The Possible Risk of and Solution to Gender-Based Hatred
Gender-based hatred is dangerous because the problem can become deeply rooted in society. As we can see from the response of people after the Gangnam Station murder, the notion related to gender-based hatred can be framed in many other aspects of our society. Not only in this generation, but the notion can also be passed down to future generations. As the Internet cannot filter itself and does not have barriers for children or young students, the spread of hatred is only a matter of time. There was a case in which an elementary school student called his school teacher a Kimchinyeo. The most serious problem is that hatred can cause Korean society to be polarized into men and women. Eventually, the phenomenon will hinder the integration of overall society.
Although the solution cannot be defined clearly in this polarized situation, we should at least search for a positive direction to overcome this phenomenon. Thus, the SKT interviewed Professor Moon Hee Choi at SKKU, who is teaching a course called “Gender and Society,” in order to seek new perspectives and advice.
Interview with Professor Moon Hee Choi
Q1. Why do you think that gender-based hatred occurs in Korea?
A1. Before we discuss the term “gender-based hatred,” I think we should first define the correlation between gender-based hatred and other factors of our society. I think focusing on other factors that cause this phenomenon is a basic step to understanding the main cause of this hatred. Next, I think we should clarify the reasons why both the producers and the counterparties of hatred are exchanging the same offensive remarks. As the gender-based hatred comments do not appear in logical ways, the responses to the comments are also expressed in unreasonable ways. Furthermore, the terms are not based on actual males and females, so the image of the opposite gender is distorted. The way that hatred grows is by making an ideal image and comparing it with actual men and women in a real world. However, the perfect image they constructed does not exist in the real world, and the opposite of the ideal image is not realistic either. As we all know, not all women are Kimchinyeo, and not all men are Hannamchung. The distorted generalization is exacerbating the issue.

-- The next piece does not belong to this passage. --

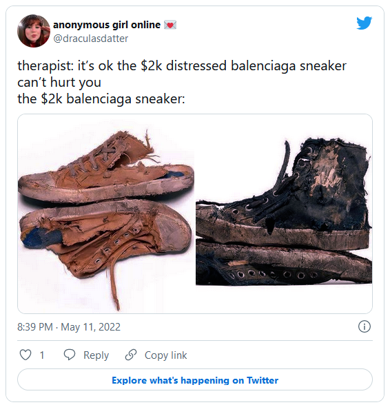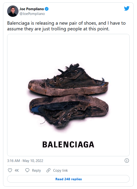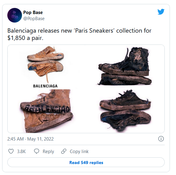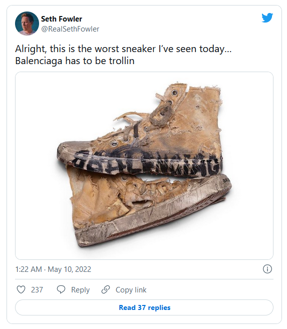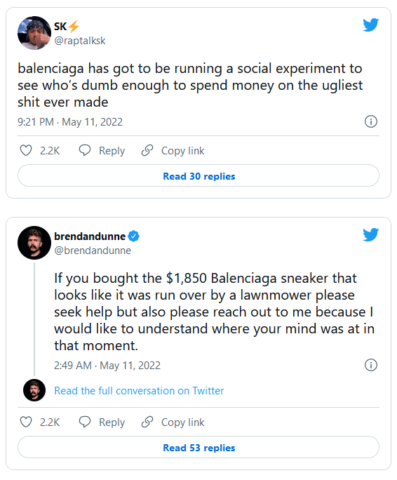 သင်ဘယ်လိုမြင်လဲပေါ်မူတည်ပြီး ဒါဟာ ကောင်းလား ဆိုးဝါးပါသလား? တွစ်တာအသုံးပြုသူတစ်ဦးက "Balenciaga က ဖိနပ်အသစ်တစ်ရံကို ထုတ်ပေးနေပြီး၊ ဒီအချိန်မှာ လူတွေကို လှည့်စားနေတယ်လို့ ကျွန်တော်ထင်ပါတယ်။" ဒုတိယအသုံးပြုသူတစ်ဦးက "Balenciaga ဟာ သူလုပ်ဖူးသမျှထဲ အရုပ်ဆိုးဆုံး s**t မှာ ပိုက်ဆံသုံးနိုင်လောက်အောင် ဘယ်သူက မိုက်မဲနေလဲဆိုတာ သိနိုင်ဖို့ လူမှုစမ်းသပ်မှုတစ်ခုကို လုပ်ဆောင်ရမှာ ဖြစ်ပါတယ်။" လို့ရေးသားထားပါတယ်။ ကောင်းမွန်းတဲ့ Comments တွေကိုလိုက်ရှာပေမယ့်လည်း လူတိုင်းက တူညီတဲ့ မှတ်ချက်တွေပဲ မန့်ခဲ့ကြပါတယ်။

Q2. Then what can be a solution to Korea’s gender-based hatred?
A2. What gender-based hatred communities are doing now is responding in the same manner because doing so brings attention. Many people will think about enacting a hatred-regulating law. Enacting a law, however, cannot be the best solution to end the hatred because I think a law should be constructed after conducting a concrete discussion on this problem. Unless a law is implemented after analyzing the fundamental cause of this problem, the law will only be a temporary solution and will deter the public from making a social consensus on this problem. Thus, I think understanding the core reason for hatred is the solution.
Q3. Do you think the self-purification process will occur?
A3. Self- purification of gender-based hatred is a voluntary effort to change the debates into a productive discussion. I think self-purification can only occur when people view this situation from the standpoint of a third party. Realistically, self-purification cannot occur in the near future. Therefore, people should participate in debates to change the ways of discussion into more productive manners. If people spend a long time making this discussion of hatred rationally, then we can expect self- purification.

The hatred of the opposite gender might be an outlet for young people’s anger toward Korean society. The anger, however, might not be directly related to the opposite gender in this country. Instead, the hatred might be exploding complaints about Korean society. Therefore, we should examine the underlying cause and find out some ways to deal with them. People should also make efforts to divert the offensive remarks by choosing more productive means of discussion. Although it will a take long time to reach the self-purification process, people should keep paying attention to the deeply rooted problem and respond in reasonable ways.